EXTRACTED MATERIAL –
|---|

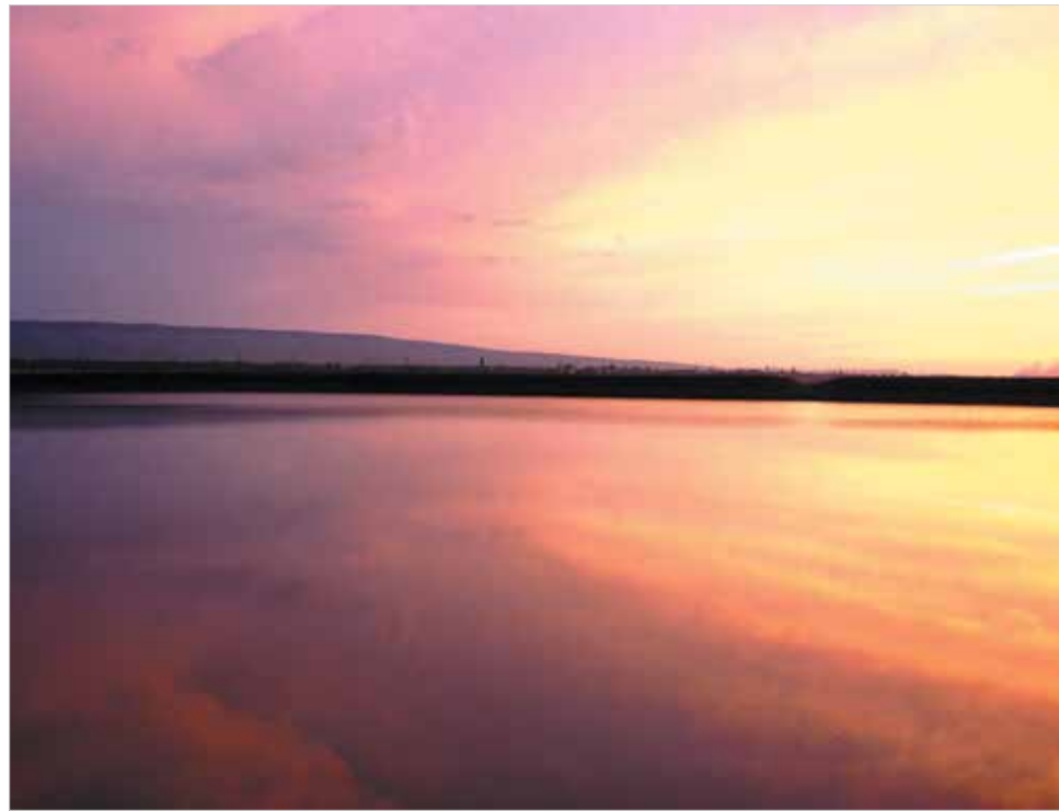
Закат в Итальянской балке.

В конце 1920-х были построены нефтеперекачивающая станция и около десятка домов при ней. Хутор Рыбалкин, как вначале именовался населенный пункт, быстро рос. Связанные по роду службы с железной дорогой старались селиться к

|---|

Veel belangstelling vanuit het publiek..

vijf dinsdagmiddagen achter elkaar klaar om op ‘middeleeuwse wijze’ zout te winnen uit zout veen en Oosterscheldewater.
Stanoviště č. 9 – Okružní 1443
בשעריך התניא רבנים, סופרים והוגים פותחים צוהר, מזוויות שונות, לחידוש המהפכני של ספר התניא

|---|

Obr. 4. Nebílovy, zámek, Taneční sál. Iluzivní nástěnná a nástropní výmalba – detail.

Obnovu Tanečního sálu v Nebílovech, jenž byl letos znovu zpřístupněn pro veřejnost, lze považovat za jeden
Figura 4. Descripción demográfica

|---|

WHAT TO DO –
Using the material above, transcribe exactly the lines from the line with "Stanoviště č. 9 – Okružní 1443" to the line with "בשעריך התניא רבנים, סופרים"; both count, and nothing else goes in.

SOLUTION TO THE PROBLEM –
Stanoviště č. 9 – Okružní 1443
בשעריך התניא רבנים, סופרים והוגים פותחים צוהר, מזוויות שונות, לחידוש המהפכני של ספר התניא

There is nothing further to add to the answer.